Netty berpendapat bahwa pers yang sehat, bebas dan
bertanggung jawab adalah pilar demokrasi. Pers dapat menjadi alat kontrol
sosial untuk mencegah terjadinya penyalahgunaan kekuasaan yang dilakukan oleh
pejabat publik. “Nah, fungsi ini akan berjalan dengan baik, jika pers
independen dan memiliki keleluasaan. Jika ditakut-takuti dengan denda dan
sanksi yang berat dan diawasi dengan peraturan pemerintah soal administrasi,
tentu akan mempengaruhi keleluasaan pers dalam menjalankan fungsi kontrol
sosial," tegasnya.
Sebagaimana diketahui, Paragraf 5 Pasal 87 Rancangan
Undang-Undang Omnibus Law Cipta Kerja mengandung ketentuan revisi terhadap UU
No. 40 tentang Pers, antara lain pada Pasal 11 dan Pasal 18 yang ditolak
kalangan insan media.
Pasal 11 mengatur mengenai mekanisme penanaman modal, yang
awalnya dilakukan melalui pasar modal direvisi menjadi pemerintah pusat
mengembangkan usaha pers melalui penambahan modal sesuai dengan ketentuan
peraturan perundang-undangan di bidang penanaman modal.

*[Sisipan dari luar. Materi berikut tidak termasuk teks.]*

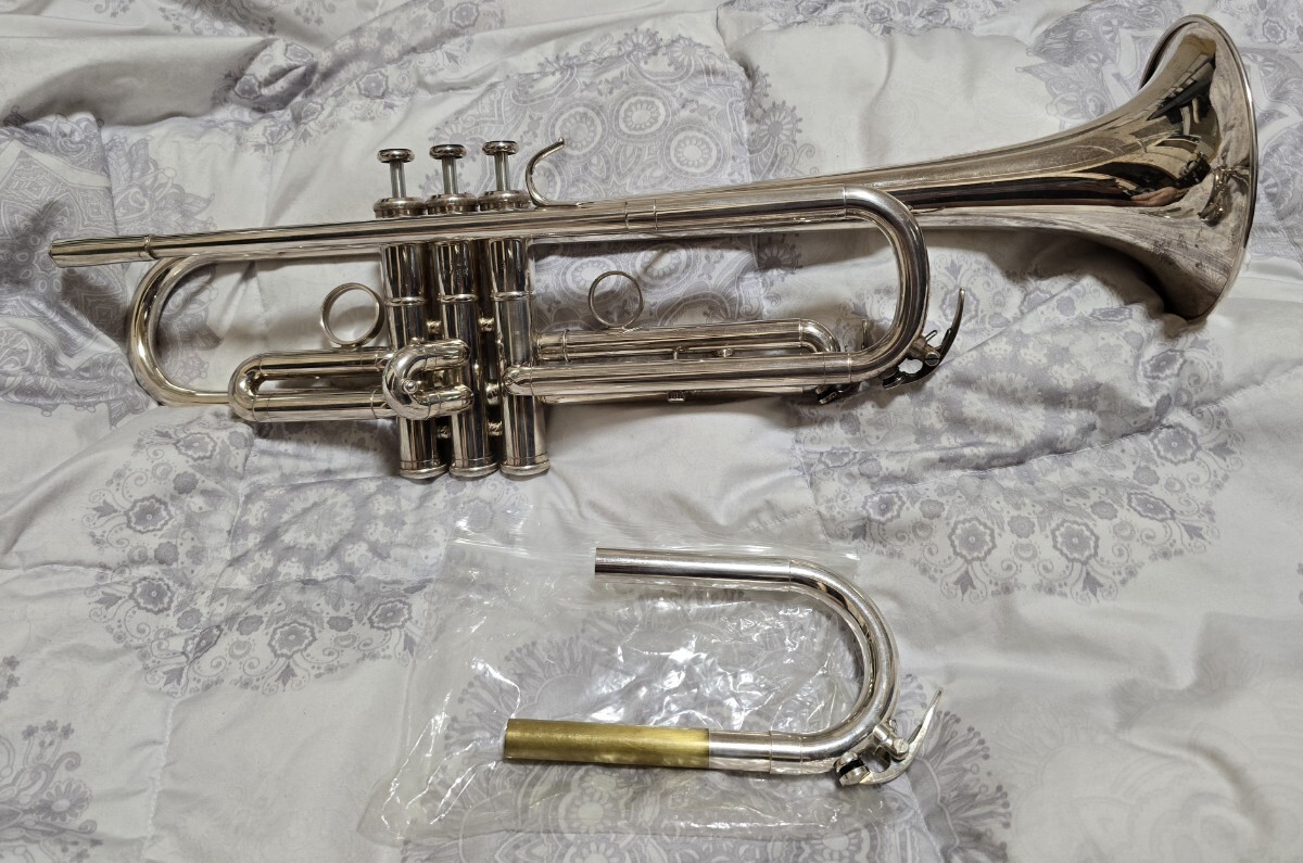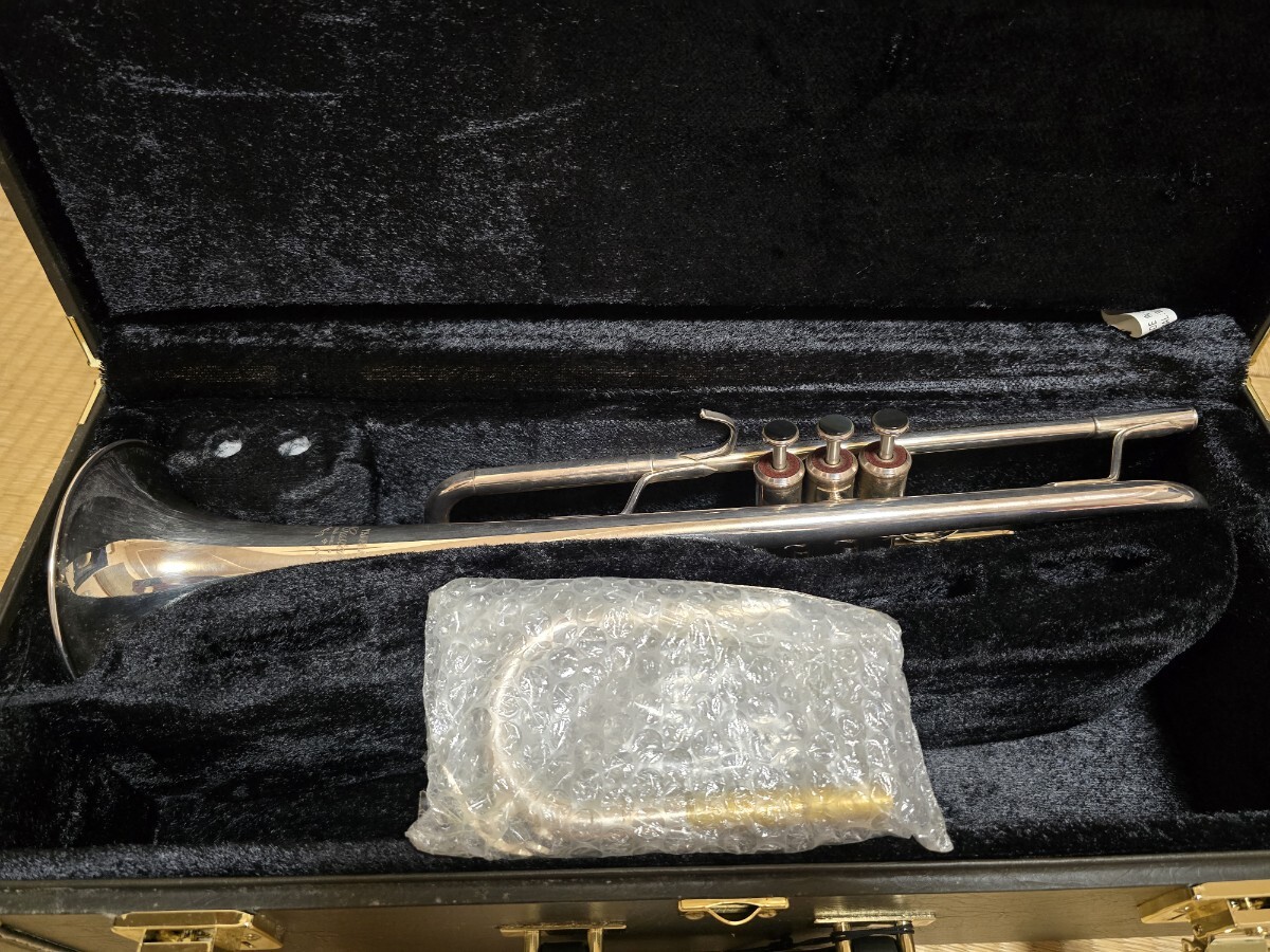 伝説のトランペット、YTR-83X です。2.5万円相当の別売でYAMAHA純正のラウンドクルークチューニングスライド付き、純正のハードケース(ダブル)付きです。

Sementara Pasal 18
merevisi ketentuan terkait pemberian sanksi bagi perusahaan pers yang
melakukan pelanggaran atas pasal 5 ayat (1) dan ayat (2) serta pasal 13
UU Pers, dari denda maksimal Rp500 juta menjadi Rp2 miliar.
Kemudian pada ayat 3, perusahaan pers yang melanggar
ketentuan Pasal 9 ayat (2) dan Pasal 12 dipidana dengan pidana denda paling
banyak Rp100 juta direvisi menjadi perusahaan pers yang melanggar ketentuan
Pasal 9 ayat (2) dan Pasal 12 dikenai sanksi administratif. Terakhir, di ayat 4
mengenai ketentuan lebih lanjut mengenai jenis, besaran denda, tata cara, dan
mekanisme pengenaan sanksi administratif sebagaimana dimaksud pada ayat (3)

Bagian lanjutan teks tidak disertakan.